TASK INSTRUCTIONS:
Apart from pictures, transcribe exactly each line from the one containing "- ↑ Józef Bem, O" through the final line of the listing below.

AVAILABLE DATA:
------------------------------------------------
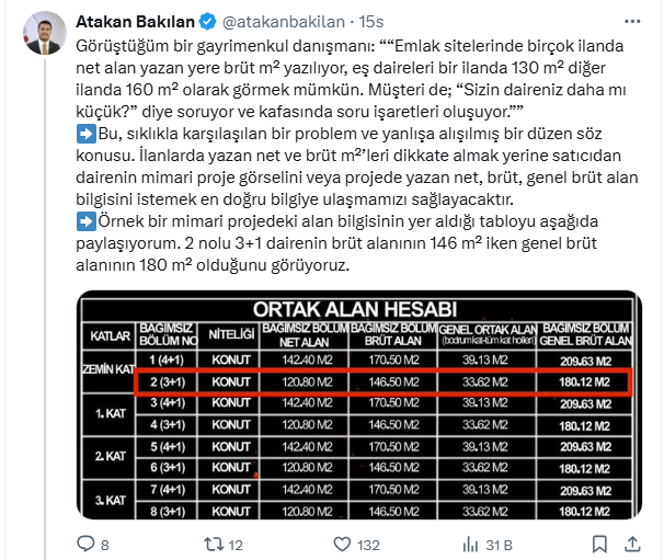 Bakılan, emlak sitelerindeki farklı metrekare büyüklüklerine dikkat çekti ve asıl metrekarenin dairenin proje görselinden öğrenilebileceğini söyledi. İşte Atakan Bakılan'ın sosyal medya hesabı X'ten yaptığı o paylaşım...
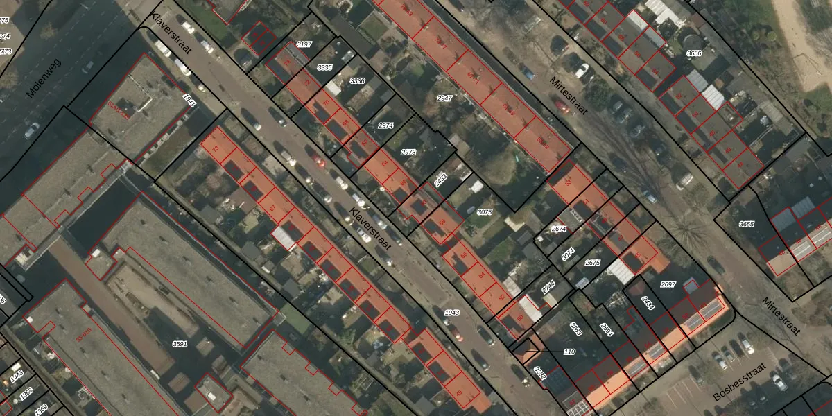 Het perceel waarop Klaverstraat 60 staat heeft een oppervlakte van 150 m². Dit is een middelgroot perceel. De perceeloppervlakte wordt geregistreerd door het Kadaster. Gedetailleerde informatie over de maten van dit perceel kunt u vinden in het rapport Kadastrale kaart met maatvoering van Klaverstraat 60.
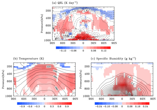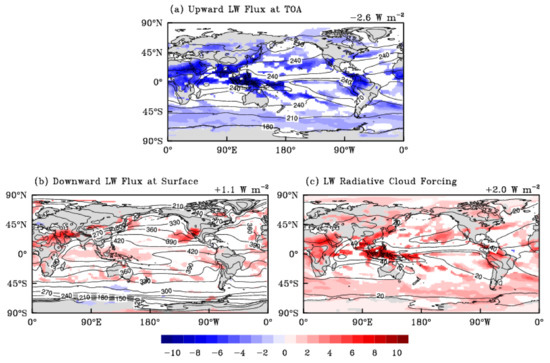The LW scattering effect on LW cloud radiative forcing (LWCF) at TOA is shown in Figure 6c. Clouds exert a positive LW forcing on the climate and the cloud LW scattering effect further enhances LWCF. The peak effect is over the Pacific warm pool and monsoon regions, and the secondary effect is over the African continent and northern Latin America, which is similar to the pattern of Figure 6a. The global mean enhancement of LWCF due to the cloud LW scattering effect is about 2 W m−2 which is roughly comparable to the magnitude of the radiative forcing by doubling carbon dioxide [18,54]. The increase in LWCF exceeds 10 W m−2 in the Pacific warm pool and the local LWCF is 60 W m−2, indicating that the cloud LW scattering effect can lead to a considerable enhancement in the local LWCF. Figure 7 shows the zonal mean distributions of the cloud LW scattering effect on longwave heating rate, temperature, and specific humidity respectively. The longwave cooling is strengthened near the tropopause by more than −0.1 K day−1 but weakened in the troposphere. The reduction in the LW cooling is specifically strong in the lower troposphere at tropics and the local value even exceeds +0.16 K day−1. Comparing to the instantaneous effect on heating rate in Figure 5a, the warming effect caused by the cloud LW scattering is more obvious in extratropical regions in Figure 7a, which is consistent with the extra reduction in upward flux at TOA in the same region from Figure 4a to Figure 6a. As mentioned before, the climate feedbacks on the increased water vapor and cloud amount explain for the enhanced effect of cloud LW scattering from the diagnostic run to the interactive run.
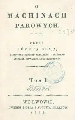 - ↑ Józef Bem, O machinach parowych, Lwów: Piotr i August Pillerowie, 1829.
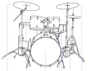 ![]() бас-барабан | ![]() педаль до бас-барабану | ![]() Установка з двома бас-бочками Саймона Філіпса |
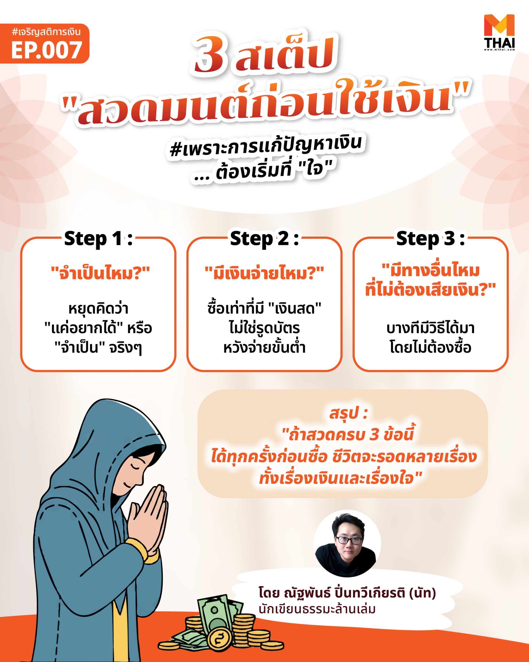 ธรรมะที่ใช้ : "สันโดษ" = พอใจในสิ่งที่มี ไม่ดิ้นรนเกินตัวก่อนซื้อ ลองดูบัญชีในมือ "เรามีเงินพอจ่ายจริงไหม?" ไม่ใช่พอไม่มีเงินสด ก็ไปรูดบัตรแล้วหวังผ่อนจ่ายขั้นต่ำ
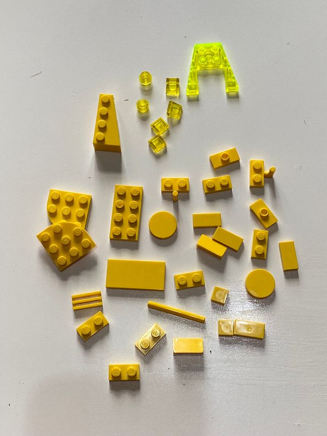 Conjunto de 65 peças Lego em tons de amarelo e laranja. - Peças variadas para construção. - Inclui peças transparentes em amarelo neon.
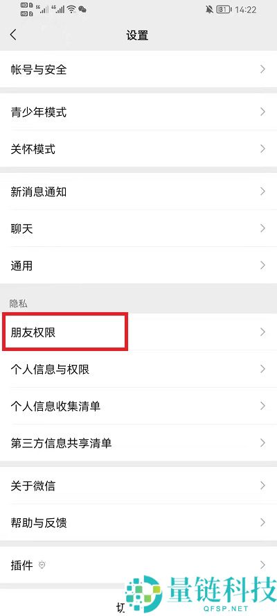 3、然后在设置界面中,就可以找到需要的【朋友权限】;
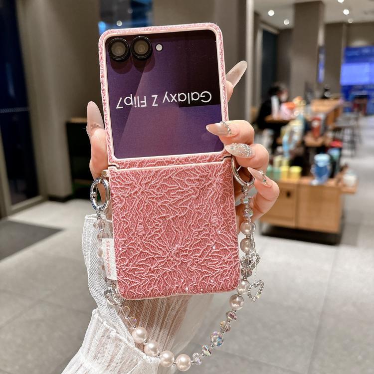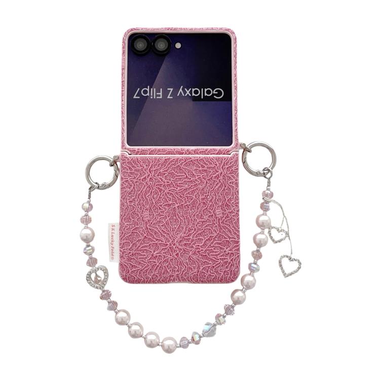 For Samsung Galaxy Z Flip7 5G Dual Side Metal Hooks Lace Embossed Phone Case with Wrist Strap(Pink)
------------------------------------------------
OUTPUT BELOW:
 - ↑ Józef Bem, O machinach parowych, Lwów: Piotr i August Pillerowie, 1829.
 ![]() бас-барабан | ![]() педаль до бас-барабану | ![]() Установка з двома бас-бочками Саймона Філіпса |
 ธรรมะที่ใช้ : "สันโดษ" = พอใจในสิ่งที่มี ไม่ดิ้นรนเกินตัวก่อนซื้อ ลองดูบัญชีในมือ "เรามีเงินพอจ่ายจริงไหม?" ไม่ใช่พอไม่มีเงินสด ก็ไปรูดบัตรแล้วหวังผ่อนจ่ายขั้นต่ำ
 Conjunto de 65 peças Lego em tons de amarelo e laranja. - Peças variadas para construção. - Inclui peças transparentes em amarelo neon.
 3、然后在设置界面中,就可以找到需要的【朋友权限】;
 For Samsung Galaxy Z Flip7 5G Dual Side Metal Hooks Lace Embossed Phone Case with Wrist Strap(Pink)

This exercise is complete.